When using estimate_lucid() to fit LUCID in serial model, we specify lucid_model = "serial", and K is a list with the same length as the number of ordered omics layers and each element in the list is an integer representing number of latent clusters for the corresponding omics layer. G, Z, Y are the inputs for exposure, omics data matrix, and the outcome, respectively. Note that here Z is list of omics layers (vectors). CoY are the covariates to be adjusted for the \(X\) to \(Y\) association and CoG are the covariates to be adjusted for the \(G\) to \(X\) association. We specify useY = TRUE to construct supervised LUCID in serial model. We specify family = "normal" since the outcome is continuous. If the outcome is binary, we would specify family = "binary". We specify Rho_Z_Mu = 10 and Rho_Z_Cov = .3 to use LASSO penalty to regularize cluster-specific means and variance for \(Z\).

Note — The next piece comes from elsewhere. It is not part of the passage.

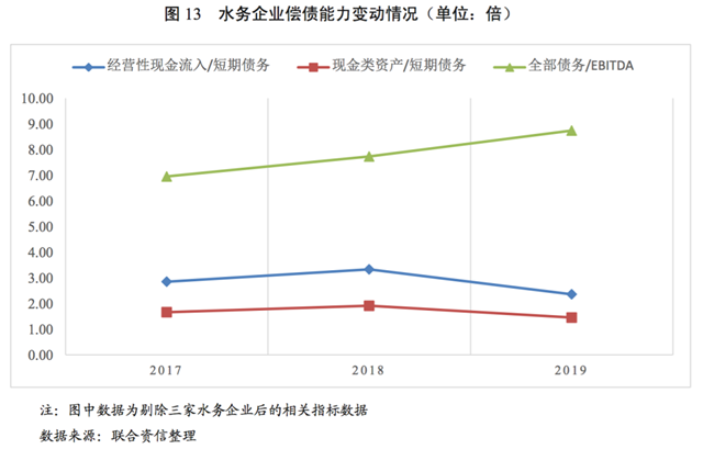 長(zhǎng)期償債能力方面,2017—2019年,受水務(wù)投資需求增加、盈利水平增速相對(duì)緩慢影響,水務(wù)企業(yè)全部債務(wù)/EBITDA持續(xù)增長(zhǎng),分別為6.95倍、7.73倍和8.74倍,但整體長(zhǎng)期償債能力仍然較強(qiáng),預(yù)計(jì)未來(lái)行業(yè)償債能力將繼續(xù)保持穩(wěn)定。因存量債務(wù)規(guī)模過(guò)大或盈利能力下滑導(dǎo)致的償債指標(biāo)明顯弱化的企業(yè)應(yīng)重點(diǎn)關(guān)注。同時(shí),考慮到水務(wù)企業(yè)和區(qū)域內(nèi)城投企業(yè)可能通過(guò)往來(lái)款形式進(jìn)行資金拆借,水務(wù)企業(yè)部分融資并非用于自身經(jīng)營(yíng),從而加劇了水務(wù)企業(yè)的債務(wù)負(fù)擔(dān)。
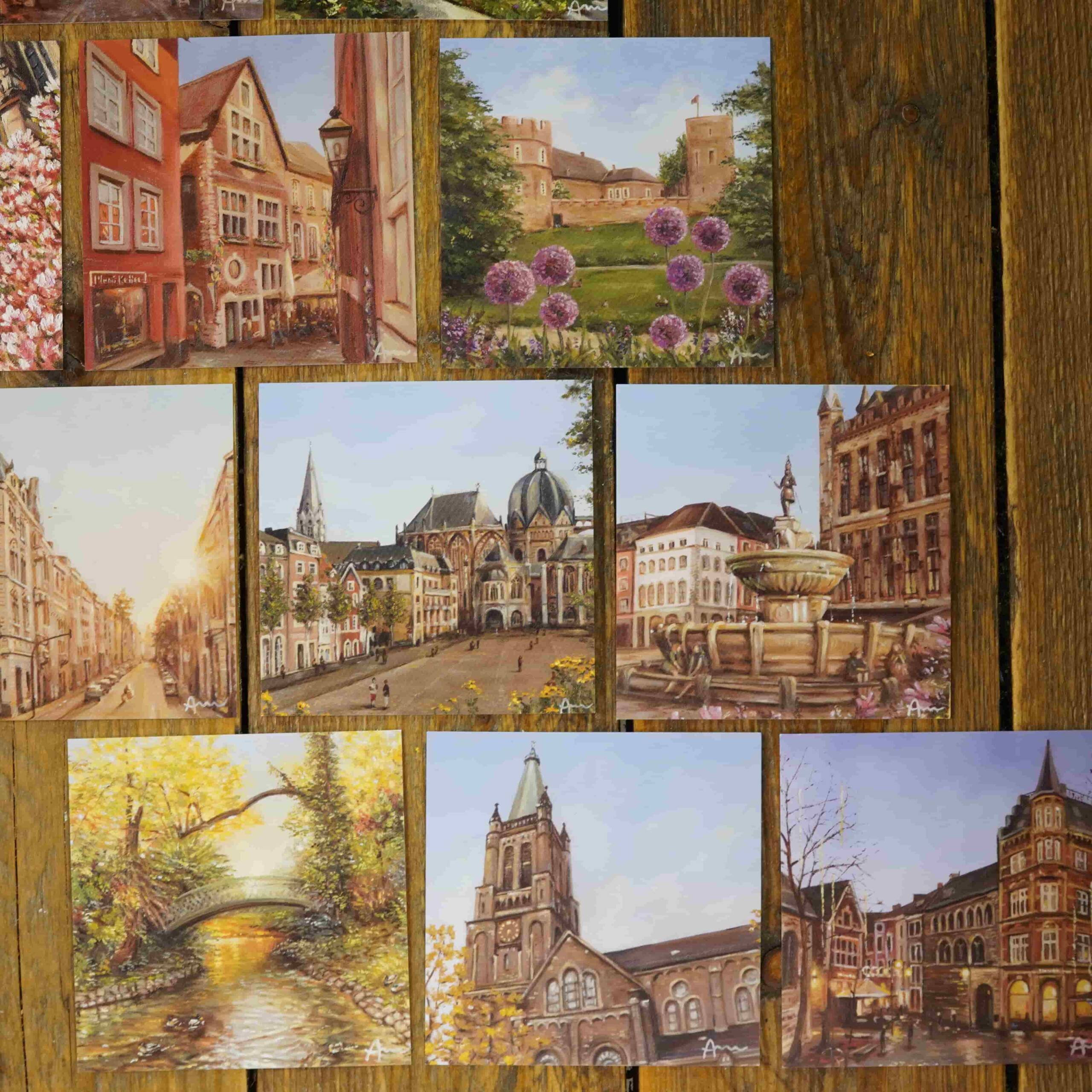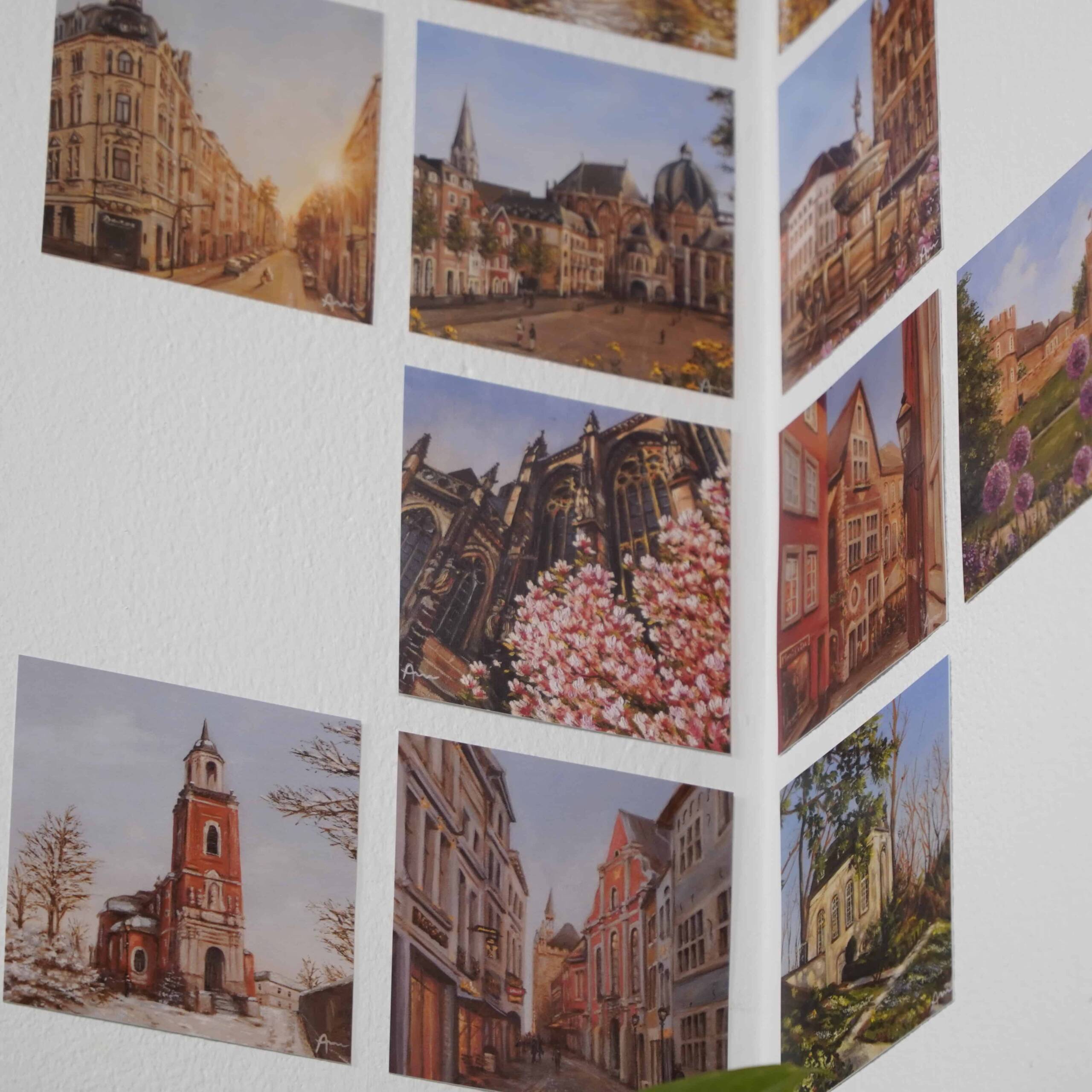 Dieses schöne 12-teilige Set, bestehend aus meinen Gemäldekarten, ist eine Anlehnung an meine Aachen-Gemälde-Reihe, mit Ölgemälden von Januar bis Dezember aus Aachen.

We will get a selection of \(Z\) features for each layer, and then we refit the LUCID in serial model with only selected \(Z\) features to construct the final model.

Code
set.seed(100)
G_Hg = exposure %>% as.matrix()
Z = list(omics_lst$methylome,
         omics_lst$transcriptome,
         omics_lst$miRNA)
Y_liv_inj = scale(outcome)

# Run the LUCID Model  
fit <- estimate_lucid(lucid_model = "serial",
                      G = G_Hg,
                      Z = Z,
                      Y = Y_liv_inj, 
                      CoY = covs,
                      CoG = covs,
                      K = list(2,2,2),
                      useY = TRUE,
                      family = "normal", 
                      Rho_Z_Mu = 10,
                      Rho_Z_Cov = .3)

#extract selected Z features to to refit lUCID in serial
selected_Z = vector(mode = "list", length = length(Z))
for (i in (1:length(Z))){
  fiti_select_Z = fit$submodel[[i]]$select$selectZ
  selected_Z[[i]] = Z[[i]][,fiti_select_Z]
}

#Refit ther LUCID in serial model with selected Z
fit <- estimate_lucid(lucid_model = "serial",
                      G = G_Hg,
                      Z = selected_Z,
                      Y = Y_liv_inj, 
                      CoY = covs,
                      CoG = covs,
                      K = list(2,2,2),
                      useY = TRUE,
                      init_par = "random",
                      family = "normal")

# Rename Exposure
fit1 <- fit$submodel[[1]]
fit1$var.names$Gnames[1] <- "Hg"
fit2 <- fit$submodel[[2]]
fit2$var.names$Gnames[1] <- "<b>Methylation\nProfile 1</b>"
fit3 <- fit$submodel[[3]]
fit3$var.names$Gnames[1] <- "<b>miRNA\nProfile 1</b>"

4.4.2 Sankey Diagram

The full code for the sankey_in_serial function is provided in Section 6.1.3.

Code
col_pal <- RColorBrewer::brewer.pal(n = 8, name = "Dark2")
color_pal_sankey <- matrix(c("exposure", "red",
                             "lc"      , "#b3d8ff",
                             "TC"      , col_pal[2],
                             "CpG"     , col_pal[1],
                             "miRNA"   , col_pal[3],
                             "outcome" , "grey"), 
                           ncol = 2, byrow = TRUE) %>%
  as_tibble(.name_repair = "unique") %>% 
  janitor::clean_names() %>%
  dplyr::rename(group = x1, color = x2)

p3<- sankey_in_serial(fit1, 
                      fit2, 
                      fit3, 
                      color_pal_sankey,
                      text_size = 24)

Figure 4.3: The Sankey Diagram for LUCID in Serial (Late Integration).